But Coco had another worry aside from competition from Schiap. The political situation in France had changed drastically. In April 1936 a Jewish socialist, Léon Blum, was elected premier (prime minister). Coco and her elitist, anti-Semitic peers feared having a Jewish premier. Blum’s left-wing government represented the working class and sought reforms such as paid vacations and unemployment insurance. Wealthy conservatives like Coco were terrified about how their businesses selling luxury goods would be affected by the promised changes. If they were forced to pay higher wages to their workers, they, the owners, would make less money. And if factories that produced fabrics stopped production during strikes, Coco would not have the materials necessary for making clothing.
Textile manufacturers did go on strike. Other strikers included railway workers, waiters in restaurants, bakers, and salespeople in department stores. The country was in turmoil. Demonstrators marched in the streets. Throughout France, thousands of workers went on strike to protect the new benefits enacted by Blum’s government.
On June 2, 1936, Coco’s entire staff at rue Cambon walked out. They demanded shorter hours and higher wages in the form of weekly salaries instead of payment for piecework. Coco’s loyal private accountant, Madame Renard, slipped away to the Ritz and told her boss what had happened. She urged Coco to leave Paris for her own safety.
Coco wondered if her workers had gone crazy. “I decided to go and talk to the rebels,” she said. Dressed in a navy blue suit and her real pearls, a visual contrast to her workers’ condition, she hurried over to rue Cambon. But the workers barred the entrance and wouldn’t let her in. The sight of them enraged Coco. They argued. Coco refused to negotiate. “I detest giving in, bending over, humiliating myself,” she told a friend.

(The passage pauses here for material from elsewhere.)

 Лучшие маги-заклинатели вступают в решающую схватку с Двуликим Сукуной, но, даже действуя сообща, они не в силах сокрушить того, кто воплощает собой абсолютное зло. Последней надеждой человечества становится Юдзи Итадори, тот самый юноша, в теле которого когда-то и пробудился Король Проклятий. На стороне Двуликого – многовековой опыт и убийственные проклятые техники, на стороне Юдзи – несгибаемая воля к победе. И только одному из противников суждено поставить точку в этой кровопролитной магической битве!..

Workers prepare the 1931 fall/winter collection in one of Chanel’s tailoring workshops
From her point of view, her employees owed her nothing but gratitude. She maintained that she gave them “perfectly proper” wages. “My staff are always better paid than anyone else’s,” she said, “because I know what work is.” She even provided vacations for certain employees. Every year she sent her “most delicate apprentices” to stay at a “workers’ holiday camp” she had built in Mimizan in the Landes, a resort area on the Atlantic coast of France. Manon Ligeour, one of her top seamstresses, had gone there and appreciated the trip. Manon said, “The first time I saw the sea was at Mimizan.”
Chanel workers on strike, June 1936
Nevertheless, the three hundred strikers held fast. Most of them were not rewarded with trips to the seaside. They expected increased wages and paid vacations. Coco immediately fired all of them. But they stayed and organized a sit-in with music and dancing in the workrooms.

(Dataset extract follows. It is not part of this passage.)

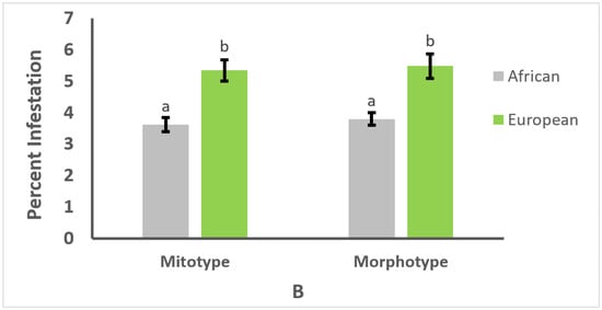 Percentage (±SE) of comb cells containing honey bee brood (A) or adult bees (B) of African or European mitotype or morphotype that were infested with Varroa destructor in 339 colonies. Different letters (a, b) above bars indicate significant differences between means, based on Wilcoxon tests.

Later Coco reinvented the episode as “cheerful and delightful. The accordion could be heard playing all over the house,” she recalled. According to her story, she asked the strikers what they wanted, and they replied, “We don’t see enough of Mademoiselle. Only the models see her.”
“It was a strike for love,” she lied, “a strike of the yearning heart.”
In reality, she denounced her employees and said, “Imagine women . . . staging a sit-down strike. . . . Very pretty. What idiots those girls were!”
Finally, Coco proposed selling her business to the workers, and they could pay themselves whatever they wished. She would remain as a consultant. Of course, the workers couldn’t afford to buy her out, and after three more weeks on strike they settled with her. She agreed to some of their demands, although she really wanted to fire them all. But she couldn’t shut down production any longer. Her lawyer and financial directors advised her to reach a solution by the end of June or she would be unable to present her fall collection. That would mean leaving the field wide open to her competitor, Elsa Schiaparelli, whose employees had never gone on strike because she had paid them well. The event left Coco’s staff tense and resentful. They never forgot her indifference to their struggles despite their having helped make her one of the richest women in the world.